TUCSON, Ariz. (KGUN) — If you walked into Davis Bilingual Elementary Magnet School this past month, you would hear music coming from the halls and inside the classrooms.
Some students like JJ Valenzuela, 11, look forward to mariachi camp all year.
He’s been going to the camp for about 6 years and is about to be in the sixth grade.

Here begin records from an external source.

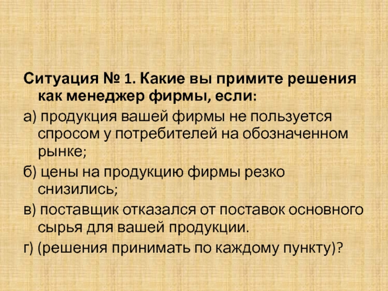 на обозначенном рынке; б) цены на продукцию фирмы резко снизились;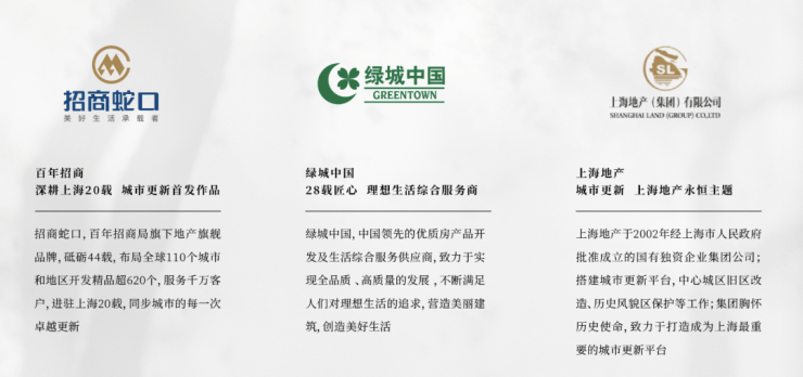 开发商: 招商蛇口携手绿城中国、上海地产,于世界级会客厅北外滩合著内环内罕见的121席里弄风貌大宅,打造市区1.1容积率低密居住空间,传承海派衣钵。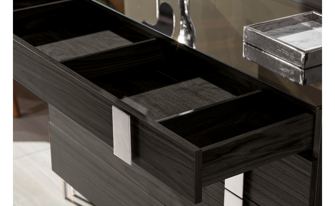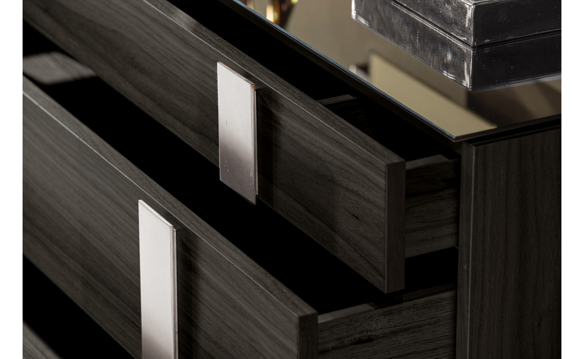 Комод INKA изысканно подчеркнет индивидуальность интерьера. Сверкающие медные ножки и ручки, характерные для коллекции, придают пространству элегантность. Корпус, выполненный из натурального дерева, наделяет модель природной эстетикой. Выдвижные ящики разной глубины обеспечивают достаточно места для хранения.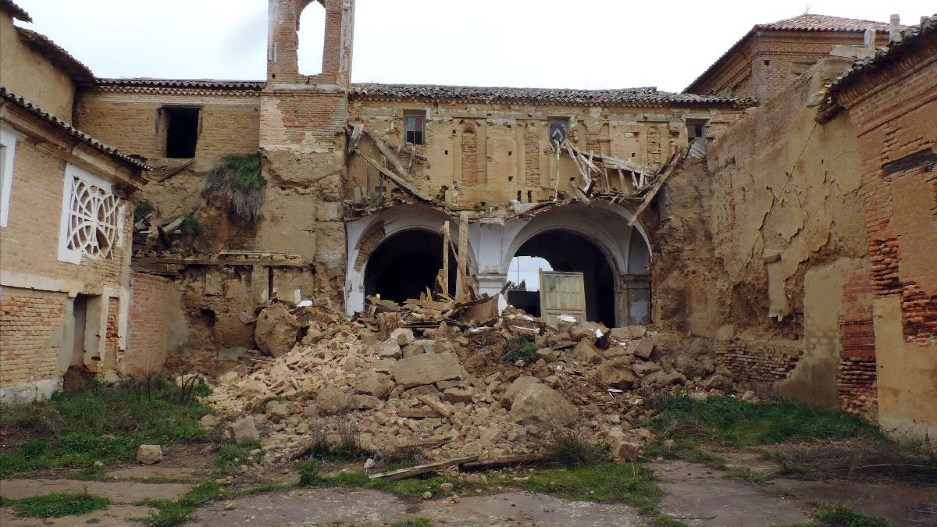 Casi 400 días después de que se derrumbara la nave lateral de la iglesia del convento de San Bernardino de Siena de Cuenca de Campos, el pasado sábado se ha desplomado la espadaña, en lo que la Fundación Rehabiltiar Tierra de Campos considera un paso más “en la lenta desaparición de este monumento”.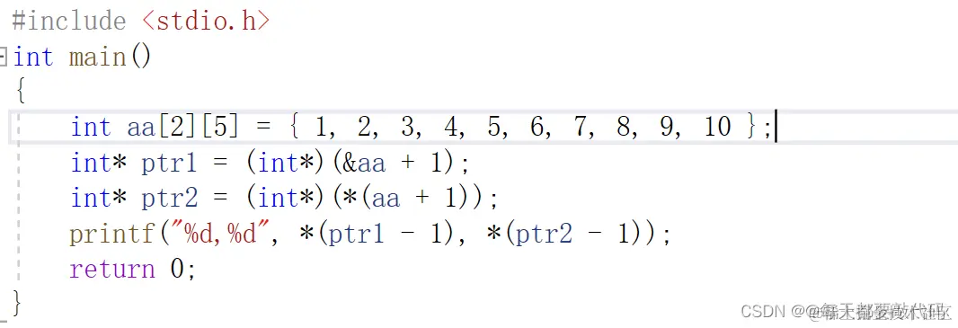 2、*(aa+1)等价于aa[1]相当于第二行的数组名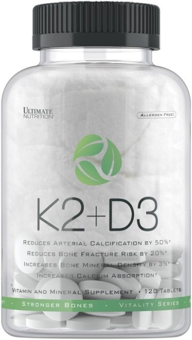 Формула витамина K2+D3 от Ultimate Nutrition включает в себя жизненно важное сочетание витамина D3 и витамина K2 .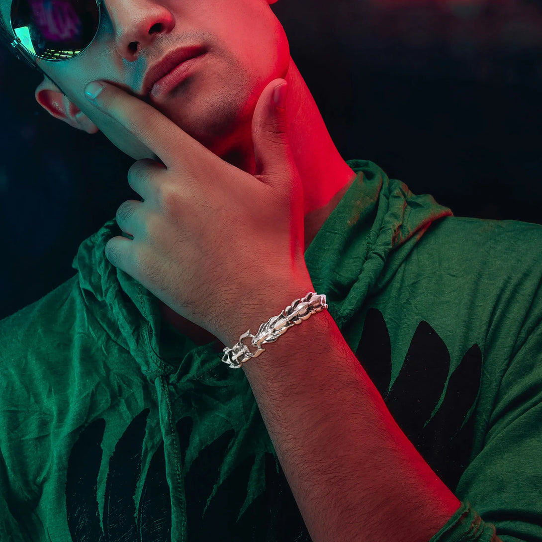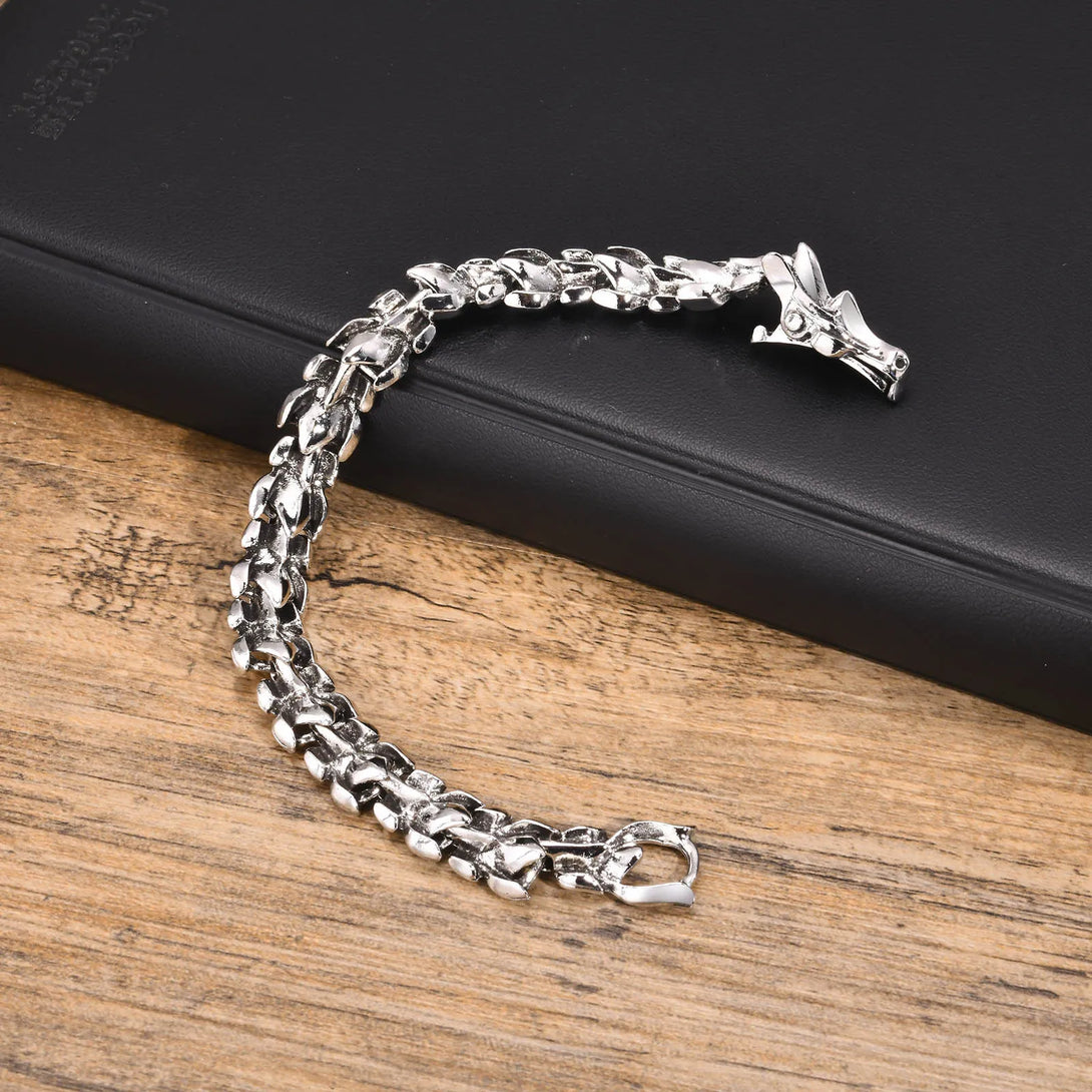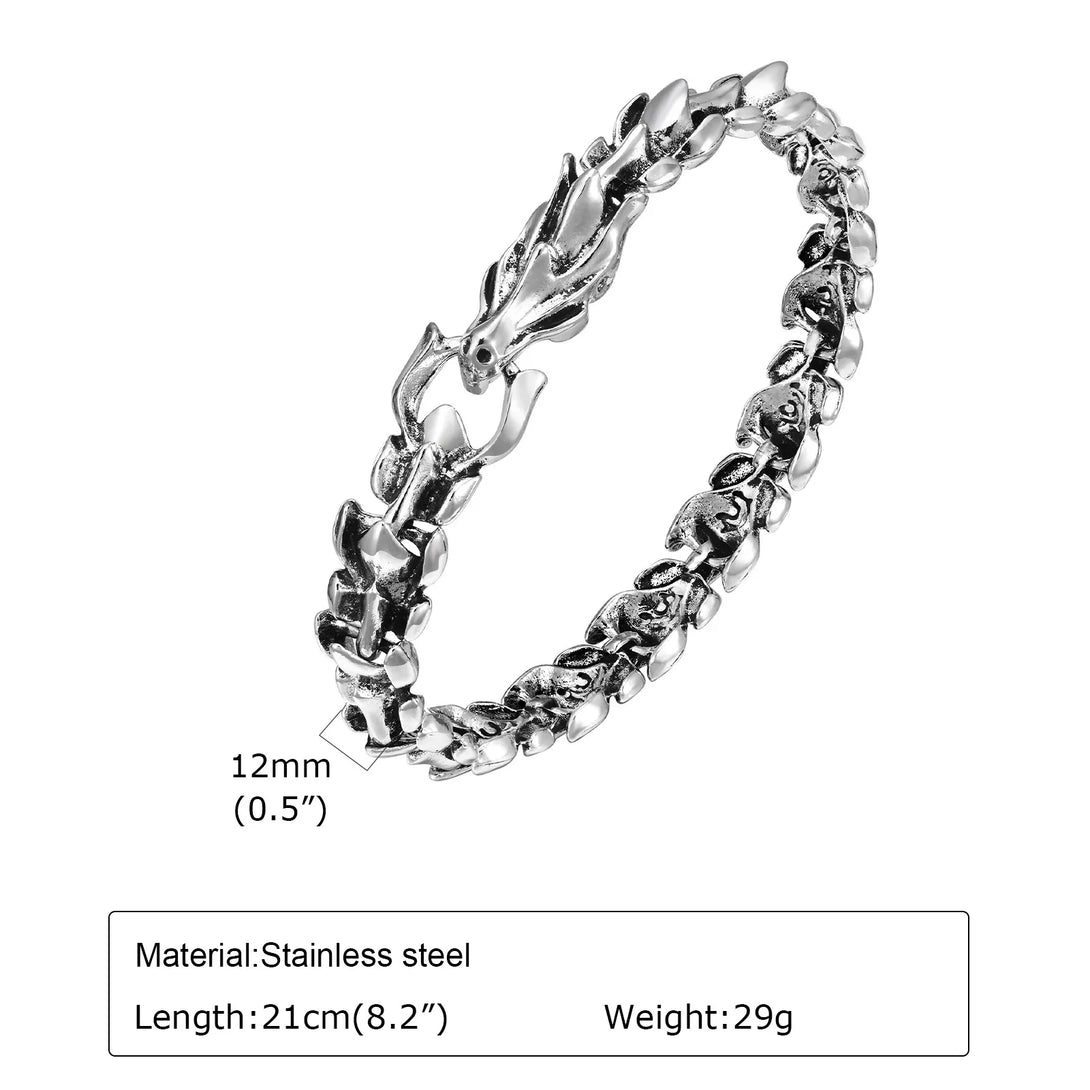 Dragon Bone Bracelets for Men Boys,Punk Rock Dragon Head Buckle Chain Wristband

He sings and also plays five instruments including the guitar, vihuela, harp, trumpet, and guitarron.
“It kind of just depends on the song, but I like really like doing both,” he said.
At the camp, other students also learn how to play the instruments JJ does, but also play the violin, trumpets, and all the instruments needed to play mariachi songs.
JJ is just one of the over 260 kids who were in the camp this year.
One of Valenzuela’s instructors is his dad Jaime Valenzuela.
“The music helps me with the bonding and with my kids,” he said.
Jaime took over for his dad, Dr. Alfredo Valenzuela, who has murals painted of him all over the school’s cafeteria.
Alfredo started working at the school in the early 1980s before Jaime became a student there in 1985.
“So many lives have been impacted through music. That’s the thing that surprises most people…is to see how many kids that have gone through our program,” Jaime Valenzuela said.
JJ has been learning from his dad and his grandfather and they have all performed together.
“I like making like memories and like…experiencing what my dad experienced from his dad,” he said.
However, it’s not just Jaime who is an instructor at the school. His brothers and sisters and their kids also teach classes at the camp.
“To have them here means a lot to me and to my dad,” Jaime Valenzuela said.
They also perform together at parties, fundraisers, educational conferences, and other local events.
“Sharing the culture of mariachi music is how we do that together,” Jaime Valenzuela said.
So if you see them playing at a concert or teaching at schools, for JJ, Jaime, and their family, music isn’t just their passion; it’s also their legacy.
“The music is what keeps the…keeps our family together. It’s the glue of our family,” Jaime said.